Services such as Groupon, which offers a daily deal in cities across the United States, have proved the popularity of special offers with customers. Lasso CEO Chris Treadaway hopes that his company can help newspapers in particular become hubs of such offers. Treadaway says local newspapers may be able to sell better ad packages to customers, and to provide statistics that make it easier to show the economic value of advertising over the Internet.
Online advertising for local businesses represents “the final frontier” for the ad industry, says Colby Atwood, president of Borrell Associates, a research and consulting firm based in Williamsburg, VA. But since so many technology companies are trying to leap into the fray, he says, many local business owners are confused by the spread of technologies on the market.

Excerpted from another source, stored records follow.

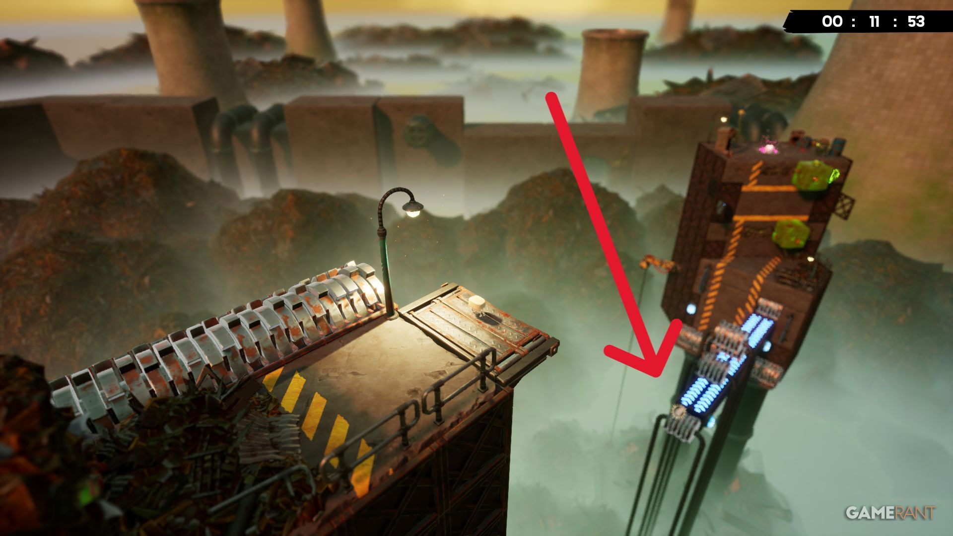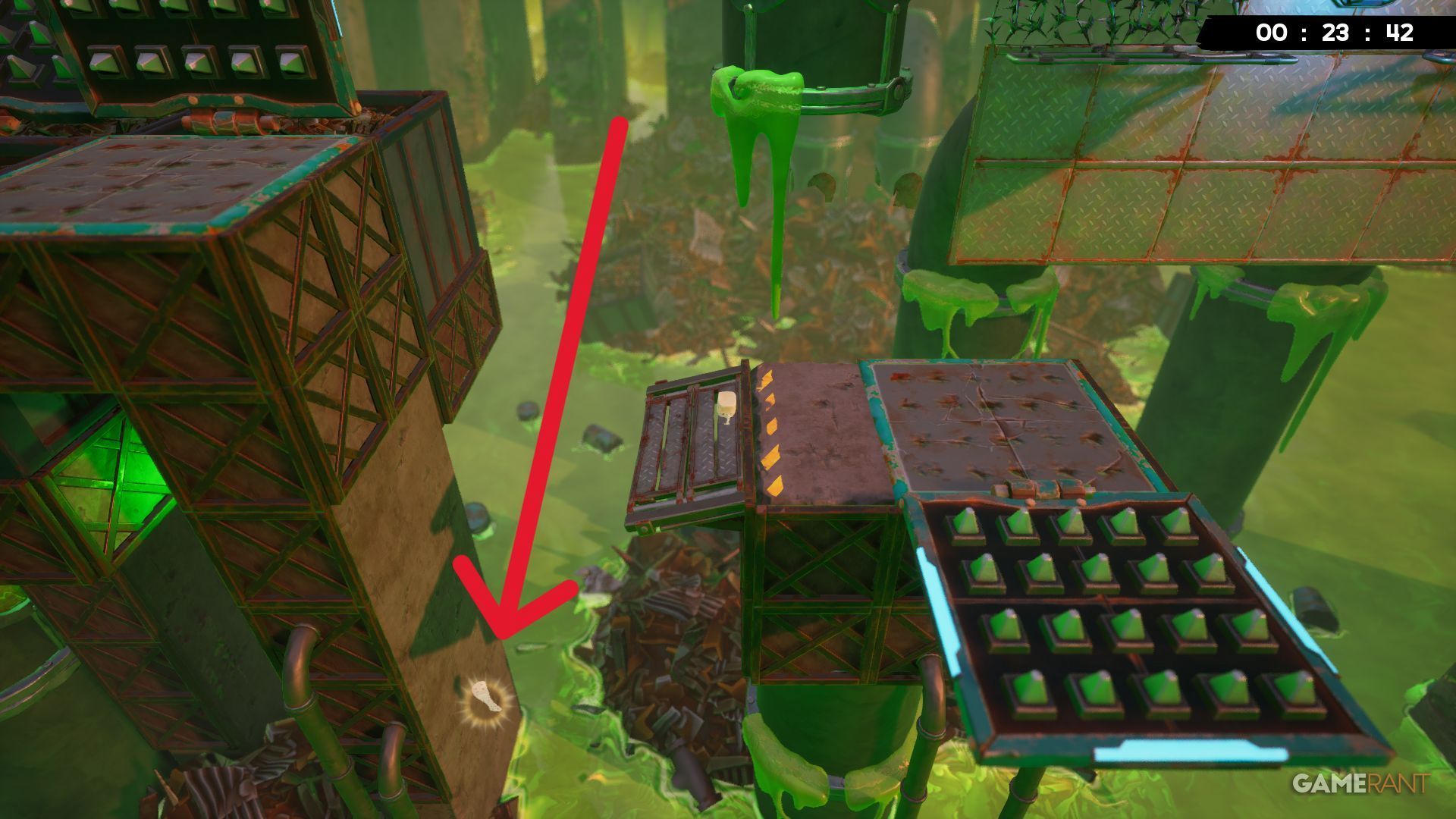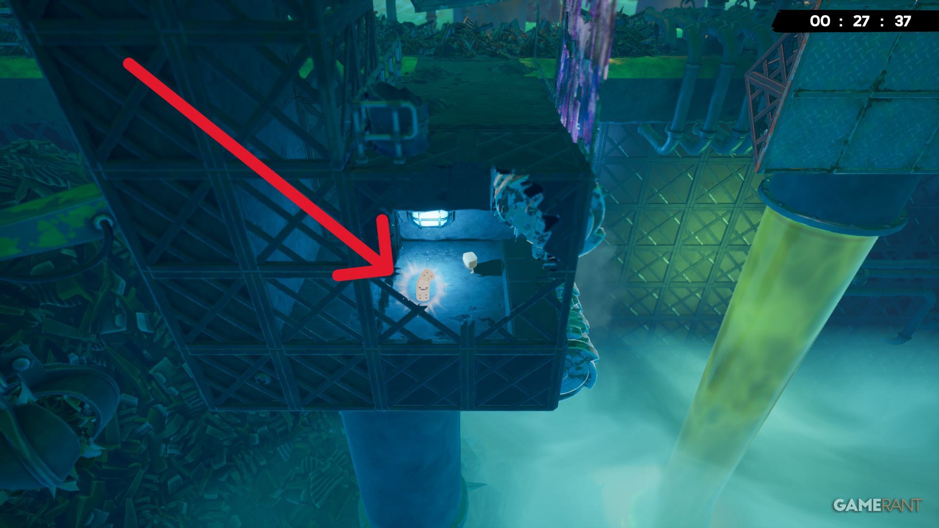 Early in the level, you’ll come across some crumbling trash between two grinders. Wait for the floor to fall apart, and you’ll find a Bandage underneath.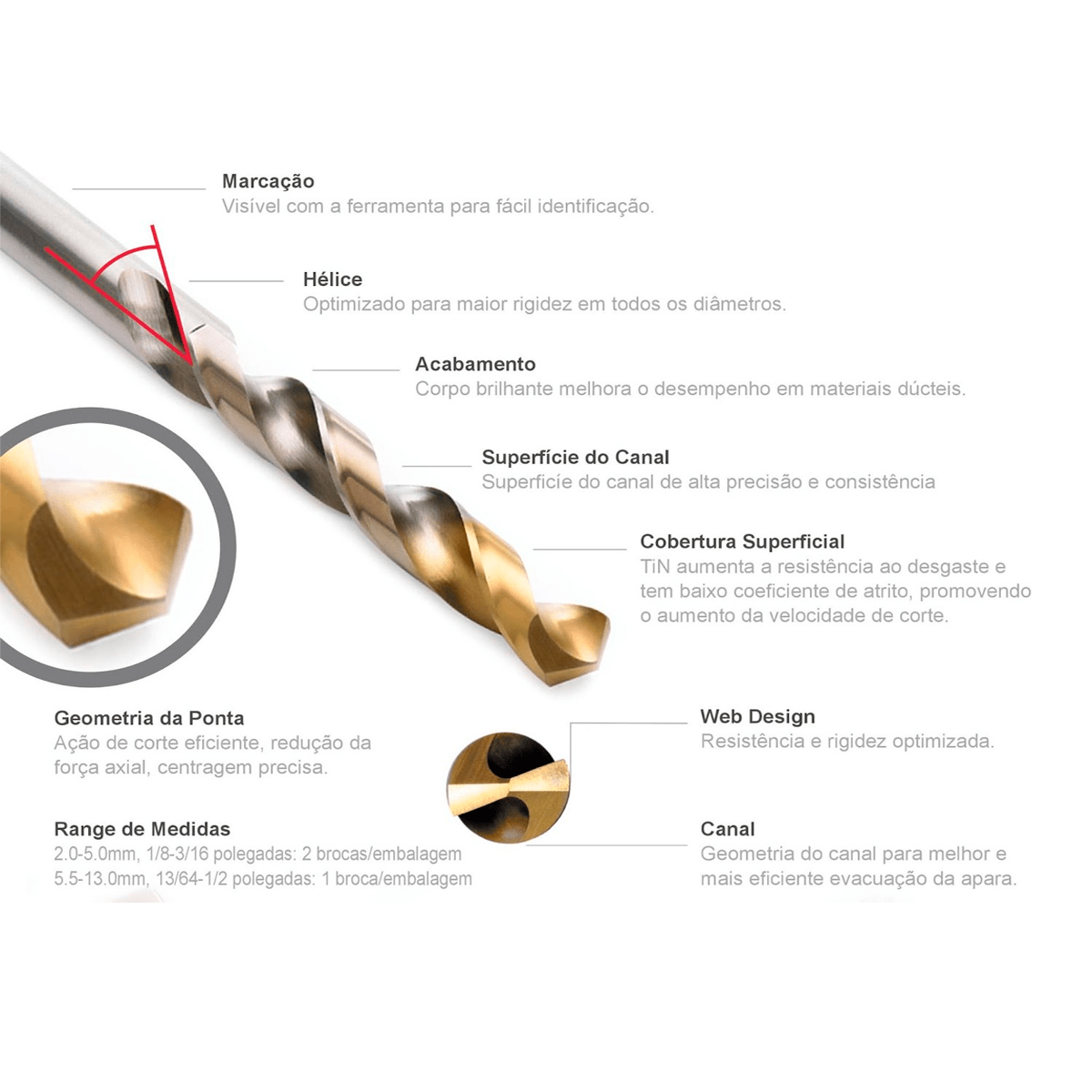 Destinada na perfuração de materiais como ferro, aço, ferro fundido, prata, ligas de cobre duro,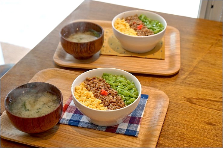 我跟另外一位姐妹點三色飯,四色中的鮭魚應該是沒有食材了,只剩三色,所有食材全都切成丁這樣鋪在上面,真好看!托盤再加上小桌巾真的好日式,如果有來逛sogo的朋友,中午或晚上多走幾步路來這吃就對了!把省掉的餐費再買件衣服:P。不過這裡營業時間週一~五為11:30~19:00,週六、日、例假日為休息日,所以平日晚餐要早一點來喔~~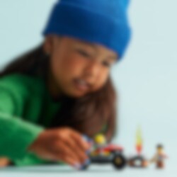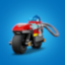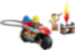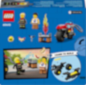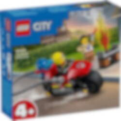 Hjälp! En trevlig grillkväll har förvandlats till en våldsam brand! Kör ut brandräddningsmotorcykeln och skynda till platsen. Denna maskin är ultrasnabb och ultracool med superbreda däck, vattentank och slang. Hjälp brandmannen att släcka lågorna för att rädda korven... och dagen! Massor av roliga äventyr väntar i LEGO® City.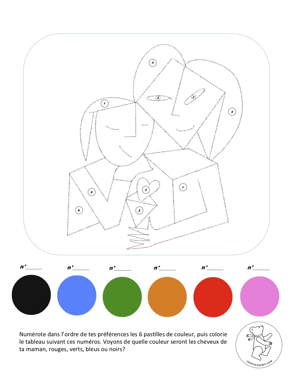 28 Mai 2021 Jeux à 0 euro / Jeux pour les fêtes du calendrier Maman tout-color Publié par Madeleine Deny Un coloriage « cubiste“ maman-enfant suivant ses couleurs préférées … en voilà une belle idée ARTISTIX pour un cadeau de fête des mères! Partager :Tweet Cliquer pour envoyer un lien par e-mail à un ami(ouvre dans une nouvelle fenêtre) E-mail Plus Cliquer pour imprimer(ouvre dans une nouvelle fenêtre) Imprimer J’aime chargement… Similaire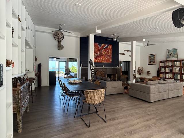 • un séjour/SAM avec cheminée donnant sur un deck de 80 m², idéal pour recevoir vos amis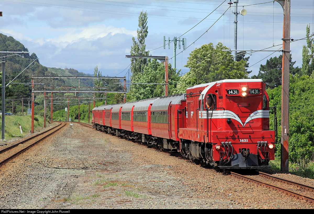| 1431 was built by Clyde Engineering in NSW in 1957 for NZ Railways. It was sold to Steam Incorporated in 1988 and, after restoration, returned to mainline service in 2009. Working a Grand Circle excursion via Levin to Palmerston North and back to Wellington via Wairarapa Line, it is seen approaching Manor Park in the Hutt Valley suburbs. |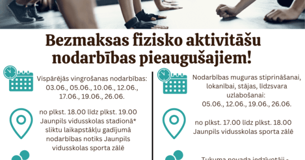 Tukuma novada pašvaldība sadarbībā ar SIA “OnPlate pasākumi” īsteno BEZMAKSAS fizisko aktivitāšu nodarbības ar mērķi nodrošināt fizisko aktivitāšu pieejamību Tukuma novada iedzīvotājiem, lai uzlabotu fizisko veselību, stāju, nostiprinātu muskulatūru, attīstītu līdzsvaru un uzlabotu izturību visiem Tukuma novada iedzīvotājiem!

Atwood believes that while some small-business owners enjoy testing new technologies, many others feel uneasy because they don’t understand the advertising packages they buy. “There’s an underlying suspicion that maybe Web advertising isn’t for me and doesn’t work,” he says. Because of the desire to get measurable results, Atwood says, there’s been a huge growth in promotions such as coupons for local advertisers. Database management software has become much less difficult to use, and even businesses with limited resources can keep track of who’s redeeming coupons and follow up with more marketing aimed at these customers.
Services such as those offered by PaperG and Lasso could prove useful in helping local newspapers sell advertising, even if they don’t work perfectly, Atwood says. However, at some point he expects to see more consolidation in local advertising services.